En outre, si notre étude se propose de mettre en valeur l’influence de la préparation sur la variable « anticipation prénatale », il aurait été intéressant de préciser davantage au sein même de la préparation les éléments permettant de peser sur cette variable. Ainsi, il aurait peut – être été intéressant d’étudier les effets de ces divers éléments sur le travail d’anticipation des participantes, peut être par une grille d’observation pendant les séances même. Une telle analyse permettrait alors de préciser le contenu des séances de préparation. La diversité de ce contenu étant l’un des principaux problèmes d’une recherche sur ce thème, une comparaison entre plusieurs préparations différentes serait également intéressante. Une comparaison pourrait, en effet, permettre une mise en valeur des éléments qui influencent de manière bénéfique le processus d’anticipation, aidant ainsi à en préciser le contenu, aujourd’hui encore flou. Dans le cadre de notre étude, dont la population est retreinte, le caractère identique de la

préparation était important dans un souci de comparabilité des cas cliniques présentés, bien que la constitution du groupe en lui-même participant aux séances peut aussi avoir un impact.

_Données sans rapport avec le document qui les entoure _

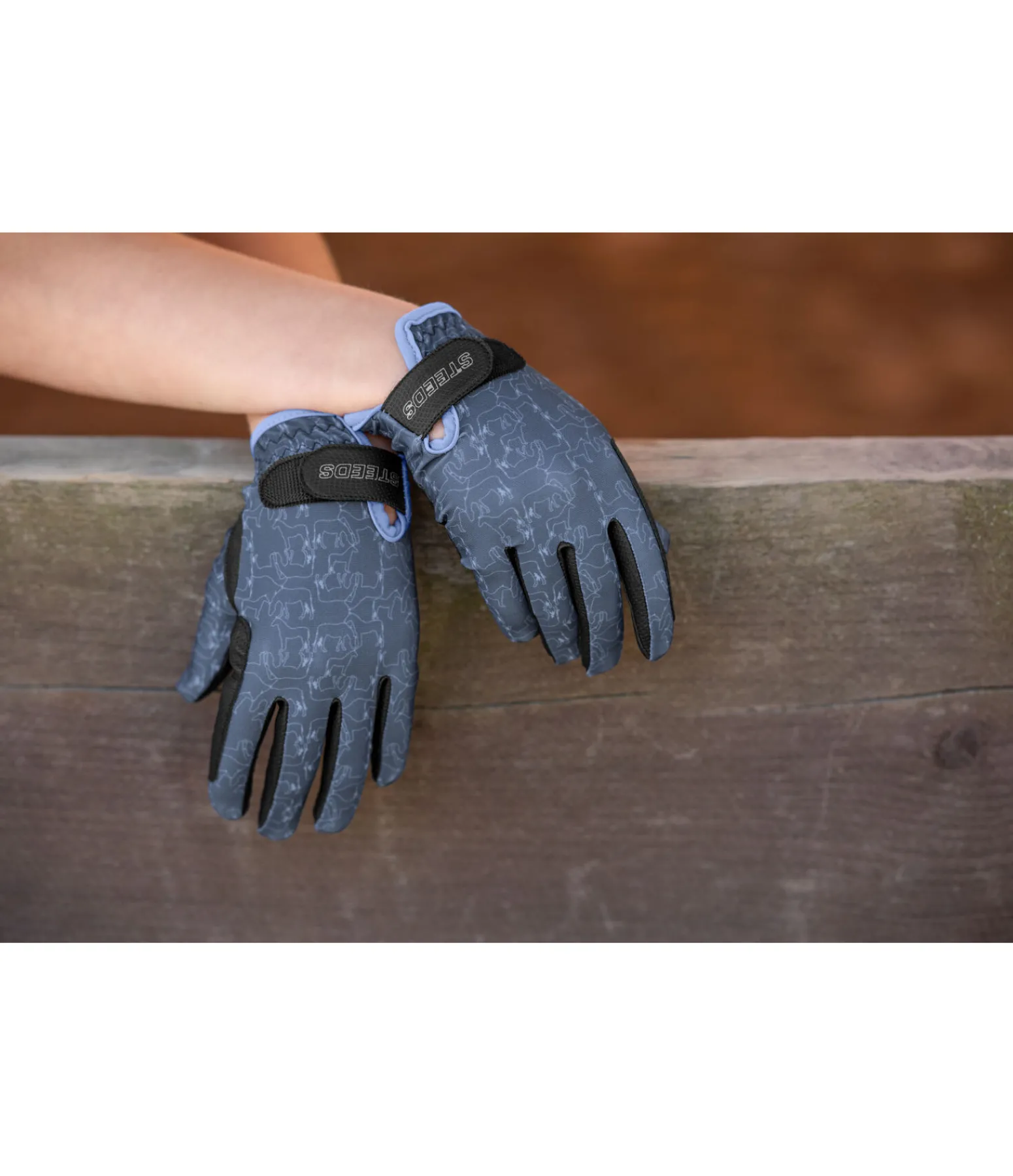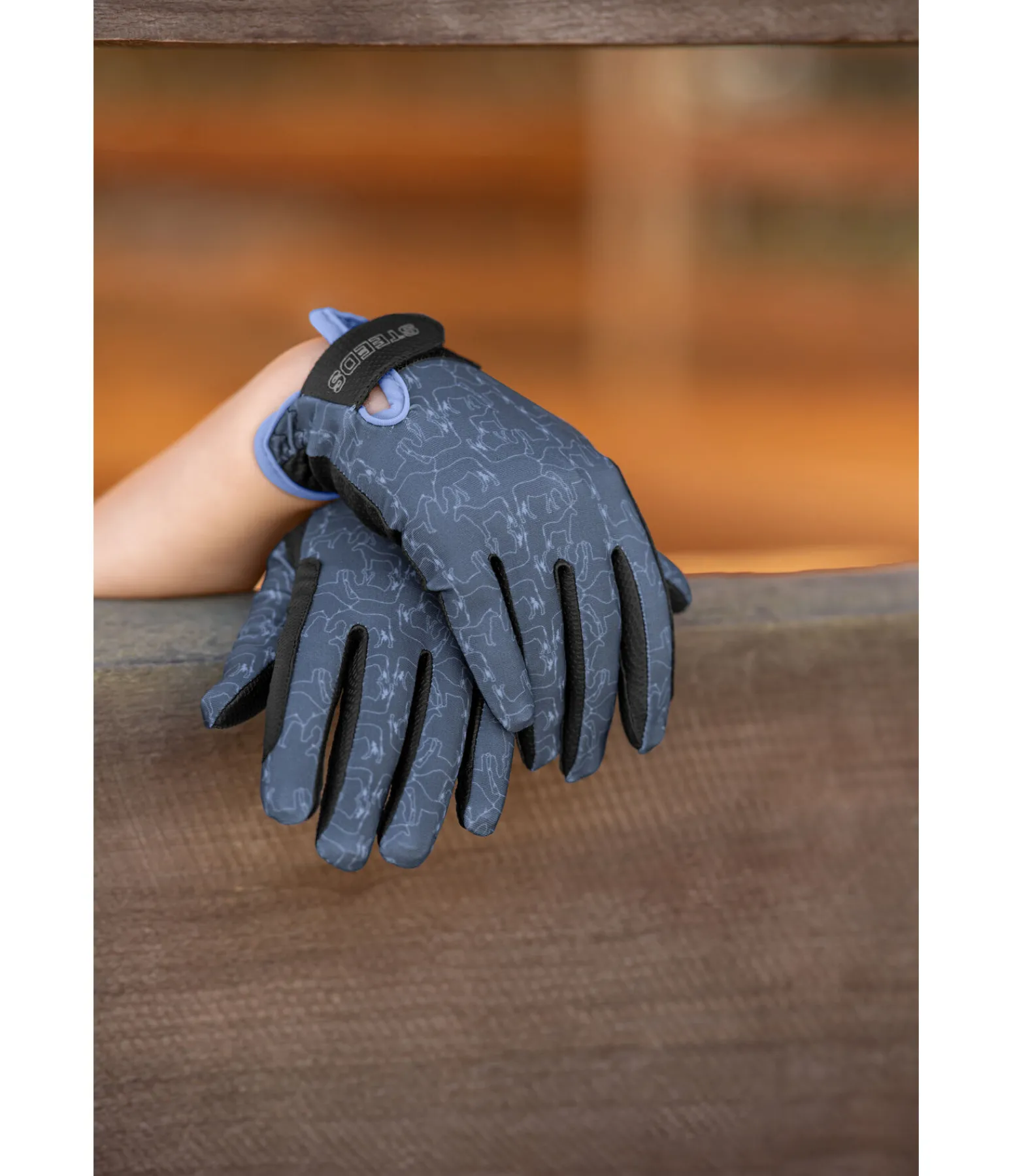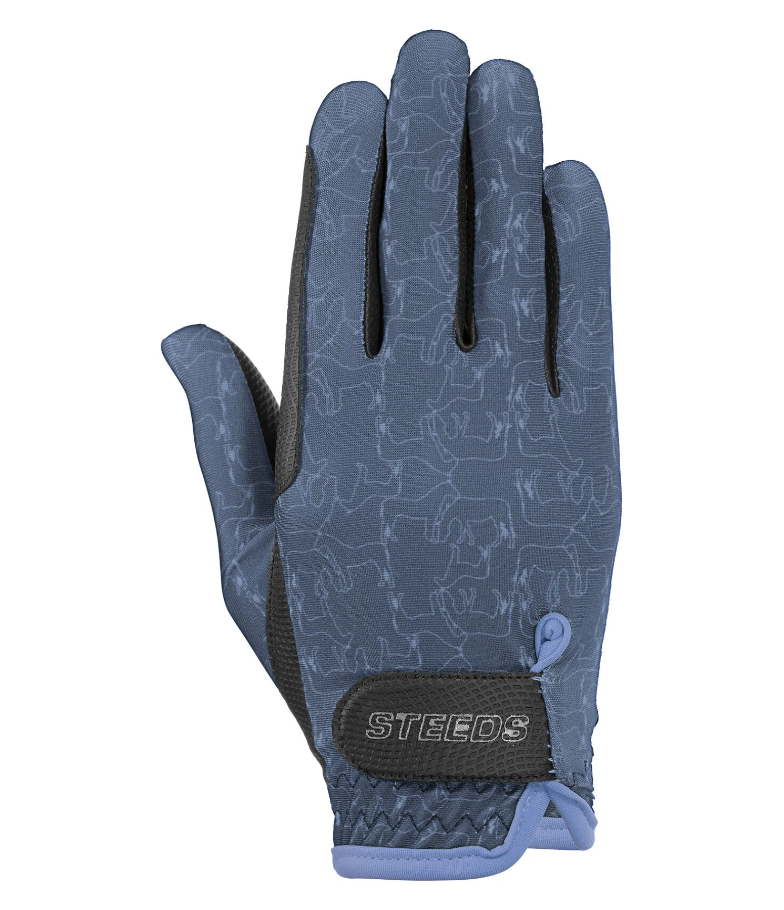 Gants d’équitation d’été légers et extensibles. Joli motif all-over cheval. Dos de la main en nylon doux. Paume en PU antidérapant. Renfort sur l’index pour éviter les irritations dues aux frottements. Fermeture par patte auto-agrippante avec logo STEEDS pour un ajustement optimal. Dessus : 82 % nylon, 18 % élasthanne. Paume: 51 % nylon, 49 % polyuréthane.
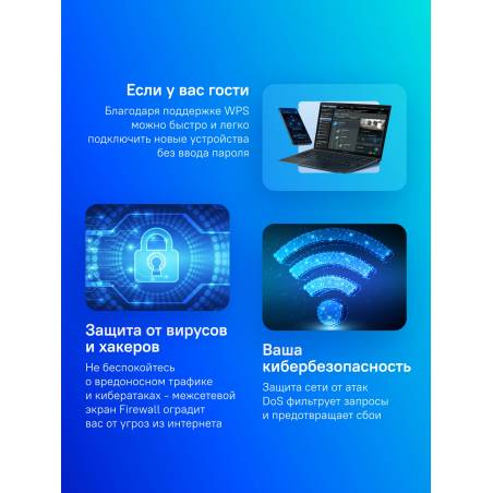 - DHCP-сервер, Dynamic DNS (DDNS), MESH, UPnP, VPN, Wake-on-LAN, WPS, протокол IPv6
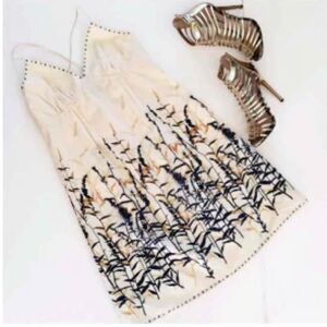 BCBG BCBGMAXAZRIA Silk Blend Bamboo Cream Floral Slip Tank Mini sundress Dress
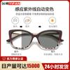 Nuevas gafas de moda europeas y americanas con montura de ojo de gato para mujer, montura decorativa con incrustaciones de diamantes, gafas con protección contra la luz azul que cambian de color transfronterizos.
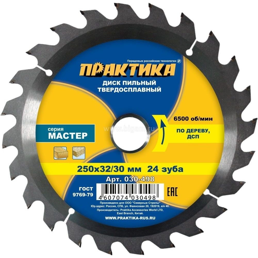Диск пильный 250*32/30 мм 24 зуба по дереву, ДСП "Практика"
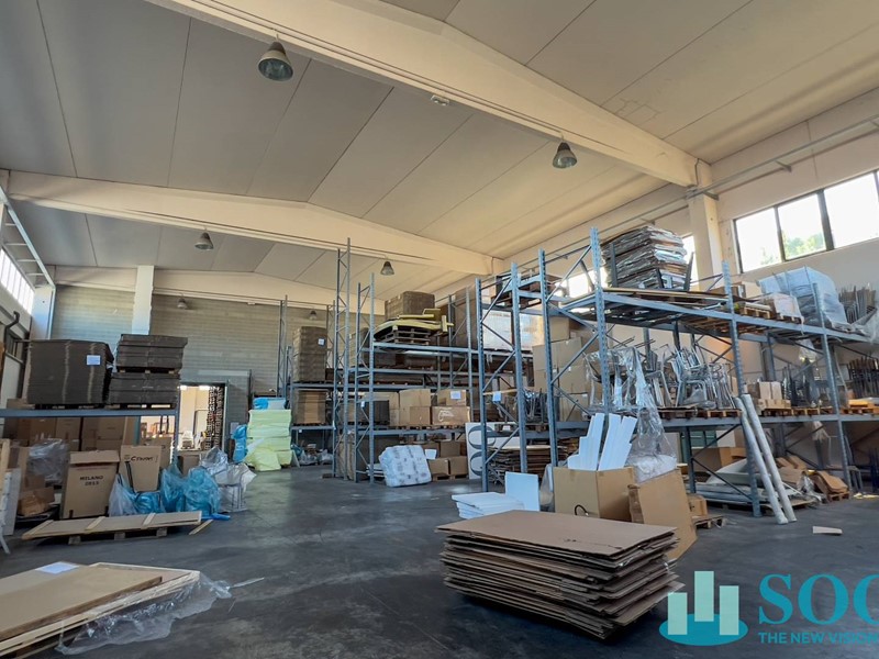 P.T.: capannone produttivo laboratorio di circa 1600 mq di cui 1000 mq h. 5,80 m. e 600 mq di h. 8,30 m, dotato di servizi e spogliatoi. Comodo carico/scarico con 2 bocche accessibili da rampa carrabile. Capannone ad uso deposito/ricovero mezzi di 600mq di h 8,30 m.
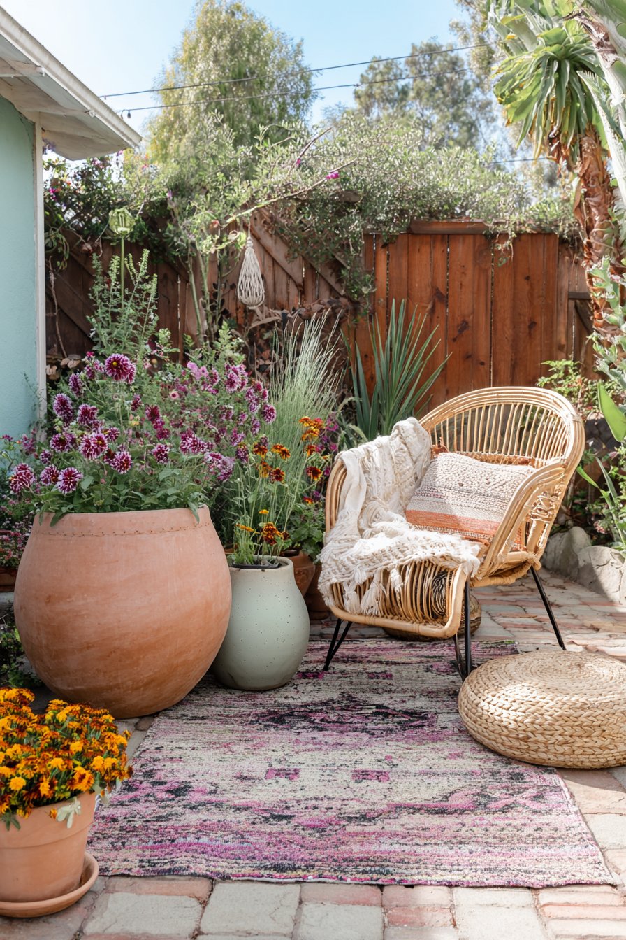 This cozy patio garden embraces a bohemian style with earthy terracotta pots, vibrant flowers, and textured textiles, creating an inviting retreat. To achieve this look, incorporate layered plants for depth and mix materials like woven chairs and patterned rugs for a warm, eclectic vibe.

Il est également à regretter la mise à l’écart de certains aspects qu’il serait intéressant d’approfondir à l’occasion d’une étude plus étendue. Il en va ainsi de l’impact des séances sur l’anticipation de l’accouchement en lui – même, qui a ici été tenu à distance en faveur de l’étude du processus de parentalité. Or cet aspect a évidement une importance primordiale pour le vécu de l’accouchement et de ses suites et donc pour l’accueil de l’enfant, les interactions précoces pouvant entre autres être perturbées par un vécu traumatique de l’accouchement par la mère. L’impact des séances sur les futurs pères, en termes d’anticipation, serait aussi très intéressant à étudier. Ceux-ci sont de plus en plus présents auprès de leurs partenaires tout au long de la grossesse et également aux séances de préparations à la naissance, malgré qu’ils en soient encore tenus à distance.

Enfin, un élargissement de l’étude à la période post natale serait bénéfique afin de pouvoir préciser l’impact positif de ce soutien à la parentalité que constituent les séances de préparation. Un ou plusieurs entretiens en post natal (portant sur les représentations et le vécu parental mais également sur le vécu de l’accouchement en – même) ainsi qu’une étude des interactions précoces mère – enfant pourraient compléter une telle recherche.